Wednesday, November 6, 2013

Gabe Klein Resigning as Chicago Transportation Commissioner at End of November

Gabe Klein, Chicago Transportation Commissioner
and South Loop resident (via Chicago Tribune)
From the Chicago Tribune:
Chicago Transportation Commissioner Gabe Klein, best known for bringing bicycle-sharing and speed-enforcement cameras to the city and promoting alternative transit over vehicle travel, is resigning, effective at the end of the month, Klein told the Tribune on Friday.
Klein, 42, said he will return to the private sector, which was part of his original plan when Mayor Rahm Emanuel appointed him to head the Chicago Department of Transportation in May 2011.

In our opinion Mr. Klein has done some great things for the city and really brought a fresh, progressive view to transportation.  While his legacy won't truly be known for sometime, many are praising the work he's done in the short period he's been around (from
In only two-and-a-half years, the commissioner racked up an impressive number of achievements. Rahm Emanuel’s goals of launching a large-scale bike-share system, constructing the Bloomingdale Trail and building 100 miles of protected bike lanes within his first term seemed far-fetched when first announced, but Klein accomplished the first one, and the other two are well underway. 
Bus rapid transit and the Chicago Riverwalk expansion are also on the horizon, and Klein will leave behind a legacy of many less glamorous accomplishments, from publishing new CDOT guidelines on multi-modalism and sustainability, to launching automated speed cameras. I contacted a number of heavy hitters in the local transportation scene to get their take on the commissioner’s departure.
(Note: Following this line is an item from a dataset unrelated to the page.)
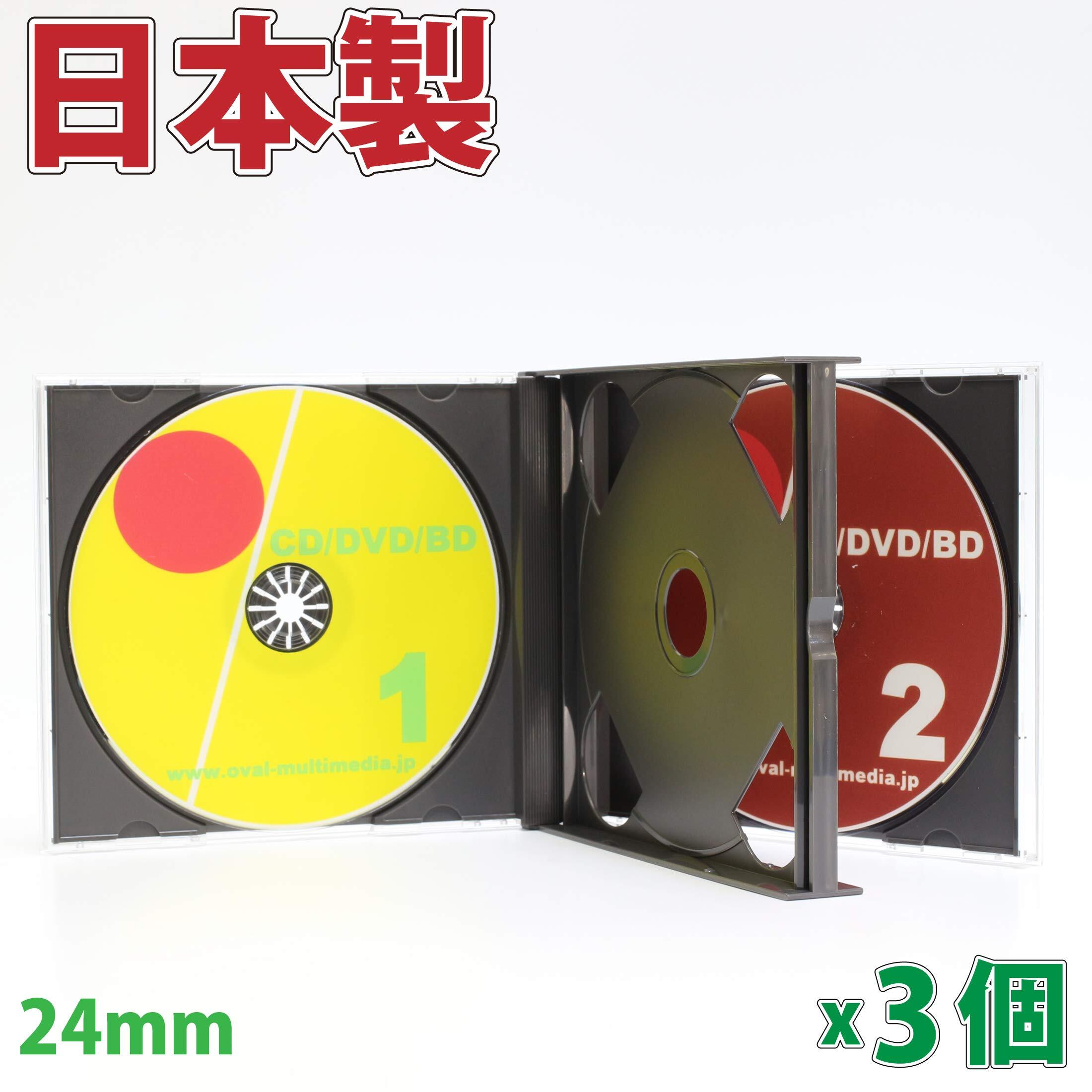 [CDケース 日本製PS24mm厚2枚収納マルチケースブラック 3個セット DVD・ブルーレイケースとしても使える]

Pretty impressive list if you ask us.

From a more local standpoint, Mr. Klein was a resident of the South Loop while living in Chicago.  I had the pleasure of anonymously running into him a couple times and even once at the Divvy station at 14th and Michigan.

I was standing at the docking station checking my phone and he rode up on a Divvy bike.  He immediately came over and asked if everything was ok.  Slightly surprised, I said "yeah, I'm just checking my phone".

I know this isn't a super interesting story (cue Hansel -  Zoolander quote), but in my mind it showcased his dedication to the program and willingness to ensure things were going as good as possible.

Proposed Roosevelt Road Streetscape Improvements
Beyond him being a South Loop resident, we would like to think that our neighborhood received preferential treatment for some of these newer, progressive projects.  While we don't have any hard data to support this theory, the South Loop has received some solid improvements - especially in the biking department (see Divvy stations, Dearborn protected bike lane, 18th protected bike lane, Wabash bike lane to name a few).

The other potential improvement could be Chicago's first raised bike lane on Roosevelt Road (among other improvement to the Roosevelt streetscape).

Anyway, job well done Gabe and hope you like the Sloop!